NeMo-Guardrails
NeMo-Guardrails copied to clipboard
Error during LLMRails initialization
Hello, I am facing an error when initializing LLMRails.
Here is the error: srun: error: task 0: Illegal instruction (core dumped).
I think the error is related to asyncio. After a little debugging, it seems to occur in the code preceded by the comment # NOTE: this should be very fast, otherwise needs to be moved to separate thread. in the file generation.py. The lines of code all start with await.
This code doesn't work on a GPU obtained via a supercomputer, whereas it works on my local machine (but without a GPU).
I use an LLM and a SentenceTransformers locally.
Here is my code:
@lru_cache
def get_model():
repo_id = "/local_llm/dolly-v2-3b"
params = {
"temperature": 0,
"max_length": 500
}
# Use the first CUDA-enabled GPU, if any
device = 0 if device_count() else -1
llm = HuggingFacePipelineCompatible.from_model_id(
model_id=repo_id,
device=device,
task="text-generation",
model_kwargs=params,
)
return llm
HFPipeline = get_llm_instance_wrapper(
llm_instance=get_model(), llm_type="hf_pipeline"
)
register_llm_provider("hf_pipeline", HFPipeline)
config = RailsConfig.from_path("config") # up to this line, everything works
rails = LLMRails(config)
async def get_res():
res = await rails.generate_async(prompt="Hello")
print(res)
asyncio.run(get_res())
- config/config.yml:
models:
- type: main
engine: hf_pipeline
- type: embeddings
engine: SentenceTransformers
model: /local_llm/all-MiniLM-L6-v2
- config/rails.co:
define user express greeting
"Hello"
"Hi"
define user ask capabilities
"What can you do?"
"What can you help me with?"
"tell me what you can do"
"tell me about you"
define flow
user express greeting
bot express greeting
define flow
user ask capabilities
bot inform capabilities
define bot inform capabilities
"I am an AI assistant and I'm here to help."
Hi @thomasbtnfr ! We've seen this before related to the installation of annoy.

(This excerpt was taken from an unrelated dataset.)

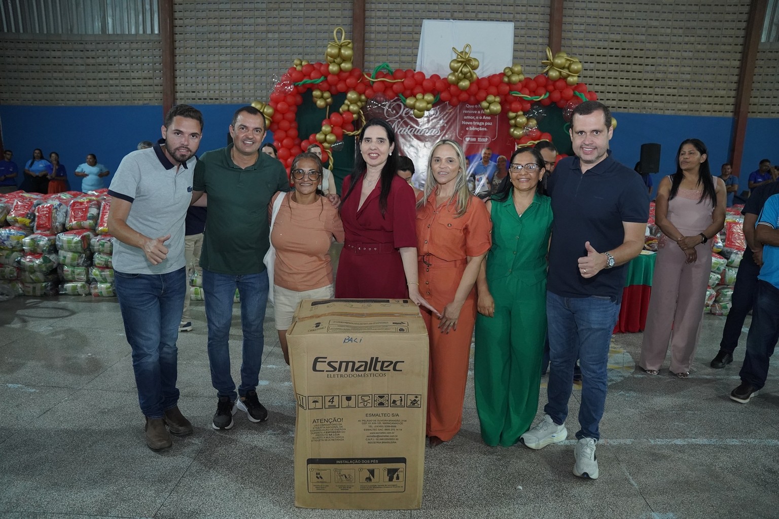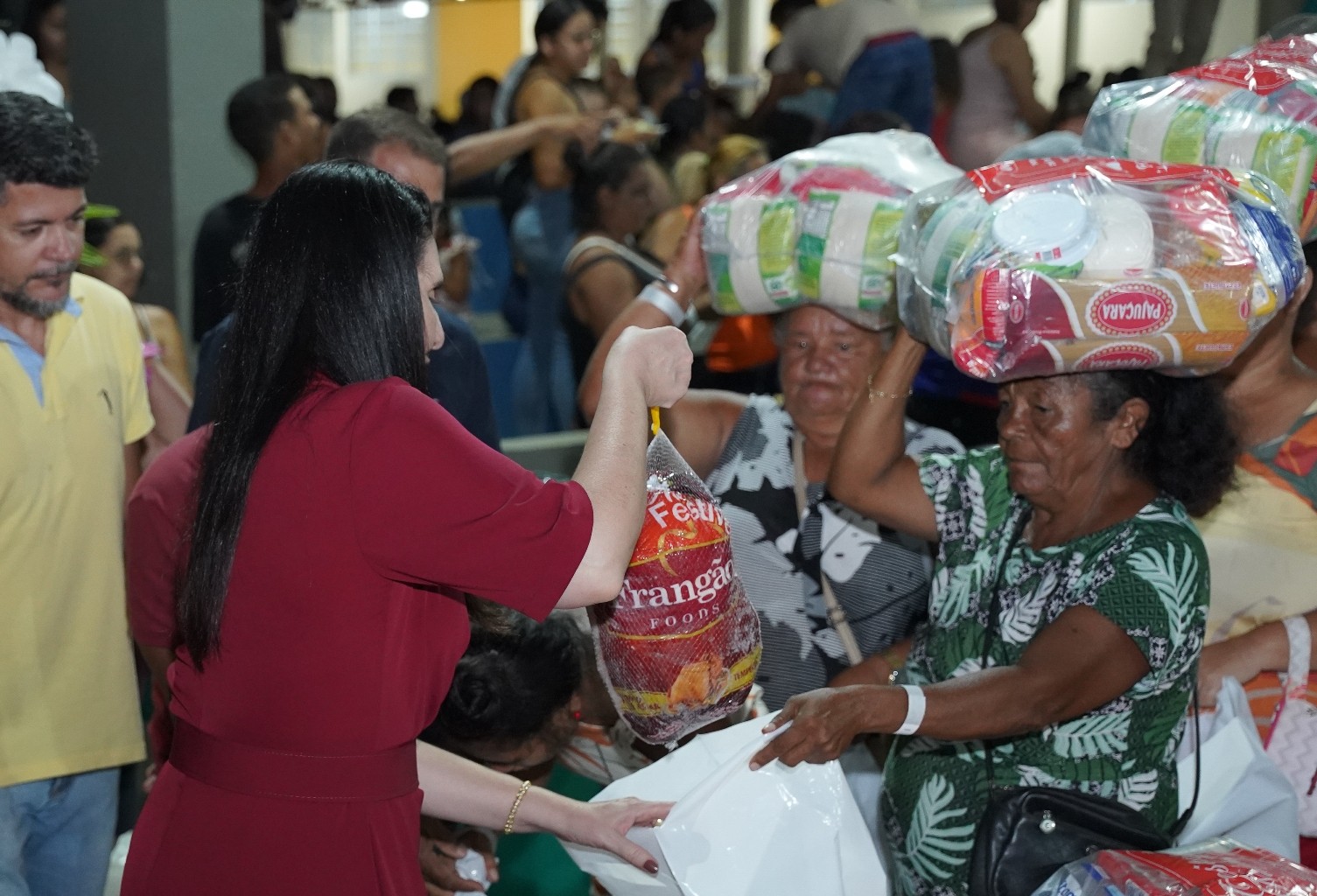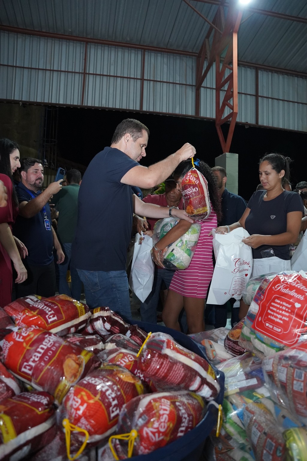 A prefeitura já realiza as entregas de 2.500 cestas básicas todos os meses, mas em dezembro foram entregues 3.500 cestas básicas que contemplaram todas as famílias que fazem parte do Programa Bolsa Alegre que já recebem as cestas mensalmente, mais as famílias beneficiárias dos complexos nutricionais (Casas da sopa), onde além das cestas todas as famílias também receberam um frango já temperado, e um litro de iogurte.

Try updating your deployment to install annoy explicitly after installing nemoguardrails:
pip install --force --no-binary :all: annoy==1.17.1
Let me know if this works.
Thank you @drazvan but it still doesn't work. I tested on 2 different GPUs:
- A100: no matter the version of
annoy, I get the errorIllegal instruction (core dumped) - V100: it works regardless of the
annoyversion (I didn't test with it before)
However, I would need it to work on A100...
Hi @thomasbtnfr! Did you make any progress on this? I can guide you to use a mock EmbeddingSearchProvider (which won't use annoy) to check if that's the issue.